Whether or not Nike’s revised position on Hugger’s status is the correct one, the reality is that Nike, through its own disclosure, has led a broad range of stakeholders to see Hugger as a collegiate factory. When a licensee publicly states that a factory in its supply chain is making university product, people understandably assume that the factory is indeed making university product. Having associated the university community with Hugger, and having allowed this information to stand for two years, Nike’s recent retraction of this reporting, undertaken after labor rights violations at the factory became public, does not solve the problem – since many stakeholders will be disinclined to accept the company’s revised position at face value. The case thus continues to affect universities and it is legitimate for universities to expect their labor standards to be upheld.

It should be noted that Nike, notwithstanding its revised position on Hugger’s status as a collegiate factory, has recognized the university stake in this case and says it will continue to engage with universities and the WRC.

Vision Tex

As we have reported, Nike goods were made at Vision Tex for New Holland, a Nike contractor that is a substantial producer of Nike collegiate product. During the final two years of Vision Tex’s operations, Nike had by far the largest presence of any brand in the factory.

The WRC concluded that Vision Tex was a maker of collegiate goods based on several pieces of information: 1) reports we received from Vision Tex workers that they made collegiate apparel for Nike; 2) invoices for Nike product, issued by Vision Tex, which list the names of universities and university teams; 3) product hang tags, clipped from garments left at the factory after the closure, which are imprinted with the insignia of the Collegiate Licensing Company and the words “Collegiate Licensed Product” and which have product names that include the names of universities and university teams; 4) the fact that Nike did not demur when the WRC, based on this information, told the company that Vision Tex had made collegiate goods.
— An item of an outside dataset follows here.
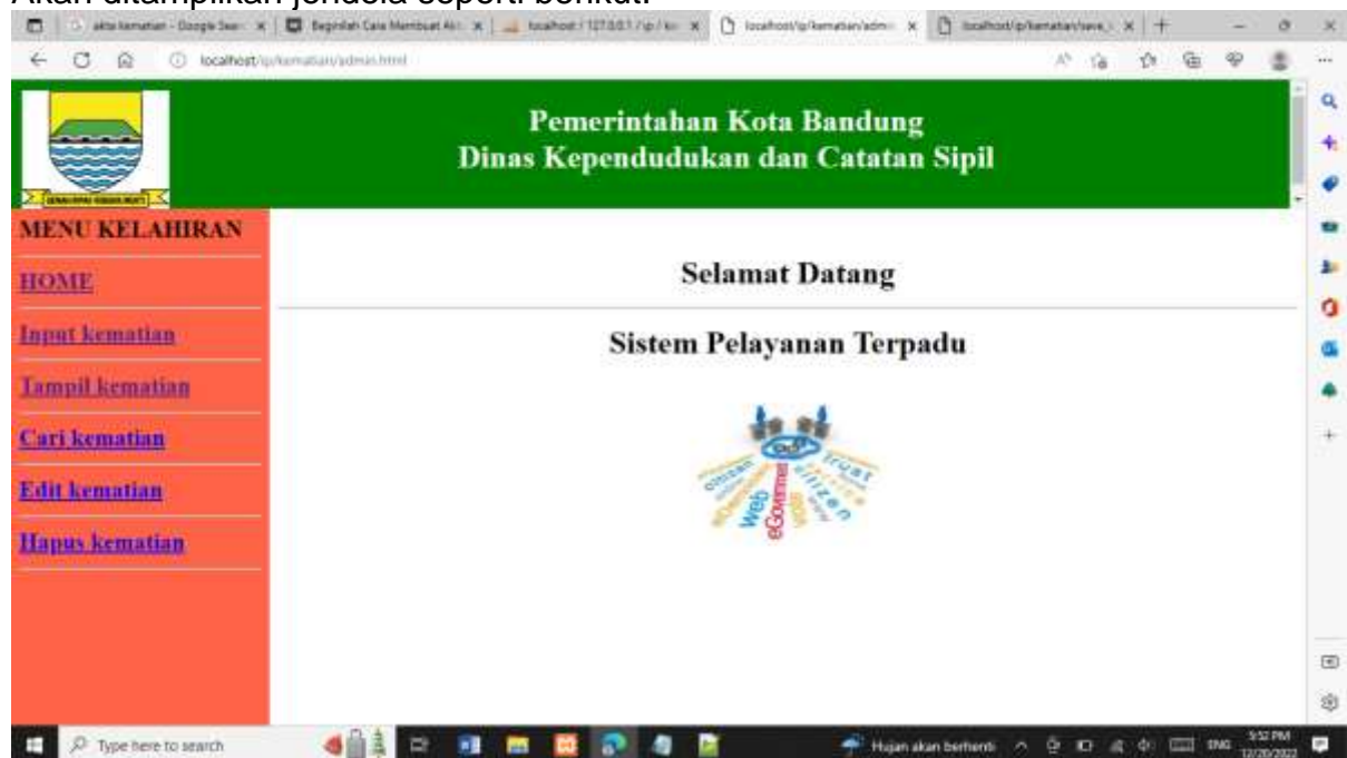
Gambar 9.1. Jendela Admin utama

Akan ditampilkan jendela seperti berikut:

In view of this, we were surprised at Nike’s statement, in its communication of October 14, that Vision Tex did not make collegiate product, with the exception of one small run.
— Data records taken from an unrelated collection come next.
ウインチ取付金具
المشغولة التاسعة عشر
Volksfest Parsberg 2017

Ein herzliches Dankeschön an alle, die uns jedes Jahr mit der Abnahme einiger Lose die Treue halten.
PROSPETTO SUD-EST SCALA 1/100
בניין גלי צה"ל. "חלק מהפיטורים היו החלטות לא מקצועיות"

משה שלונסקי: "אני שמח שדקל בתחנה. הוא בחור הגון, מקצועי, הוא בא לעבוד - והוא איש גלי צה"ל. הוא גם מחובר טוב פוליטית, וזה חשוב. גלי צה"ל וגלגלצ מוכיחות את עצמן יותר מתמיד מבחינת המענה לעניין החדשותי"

Given the facially persuasive evidence of a collegiate connection, and given that Nike did not contest the collegiate connection for nine months after the WRC informed Nike of the violations at Vision Tex, we had not previously seen a need to dig deeper into this question. However, after Nike’s October 14 communication, we engaged in further analysis.

Here is what we found: Nike sells a line of apparel products that are named after universities or university teams and that are sold with hang-tags bearing the insignia of CLC and stating that the goods are “Collegiate Licensed Product.” These products are promoted, in Nike promotional materials, using university names and logos (including photos of university athletes wearing university uniforms). A thorough review of the invoices left at Vision Tex, which represent only a portion of the factory’s actual production, show that more than 250,000 pieces of this apparel were produced for Nike at Vision Tex in 2007 and 2008. The names of five universities and university teams were included in the invoices; however, the apparel line in question includes products associated with a longer list of universities (in some cases, rather than the university or team name, the products are named after the city or town in which a university is located – but are still promoted using that university’s name and/or logo). Because we have only a partial set of invoices, we do not know which of these additional products may have been made at Vision Tex.
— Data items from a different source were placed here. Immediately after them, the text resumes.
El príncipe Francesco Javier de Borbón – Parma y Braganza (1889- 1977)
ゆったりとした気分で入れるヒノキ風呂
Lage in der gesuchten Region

We do not feel it is appropriate to list here those universities whose names or team names appear in the Vision Tex invoices or are used in this product line. We are informing these institutions directly of the information we have identified.

Nike told the WRC in a recent meeting that these garments, although named after universities and university teams, are sold only as blanks and are not imprinted with a university name or logo. Nike says it does not consider these products to be collegiate – despite the product names, despite the “Collegiate Licensed Product” hang tags, and despite Nike’s use of university names and logos to promote the products. In its communication Tuesday, Nike said it has been placing collegiate hang-tags on these products erroneously.

The question of whether this product line does or does not qualify as collegiate apparel from a licensing standpoint is outside of the WRC’s purview. However, it seems obvious that Nike associated these products with universities by virtue of the product names, the collegiate hang-tags and the promotional use of university names and logos. It seems reasonable to assume that a consumer who sees a product named “University of XYZ Game Jersey,” with a hang-tag that says “Collegiate Licensed Product,” will make the obvious association, even if the product itself doesn’t feature a university logo. In view of this, universities have a stake in the labor practices of the factory that made this product, something which Nike has indicated it recognizes.

In addition to the problem of unpaid compensation, these cases raise serious issues with respect to the factory disclosure process. Accurate disclosure is an affirmative obligation of university licensees and the foundation of effective code enforcement. Recurring problems with Nike’s disclosure are a basis for serious concern and we believe they should be addressed. However, the disclosure problems the cases highlight are a separate issue from the non-payment of severance to Hugger and Vision Tex workers and should in our view be tackled separately. We will follow up with our affiliates on the disclosure question.

The Status of Workers’ Legal Rights and of Efforts to Secure Payment

The workers at Hugger de Honduras and Vision Tex continue to be owed most of the legally mandated severance and other terminal benefits they earned prior to the factory’s closure.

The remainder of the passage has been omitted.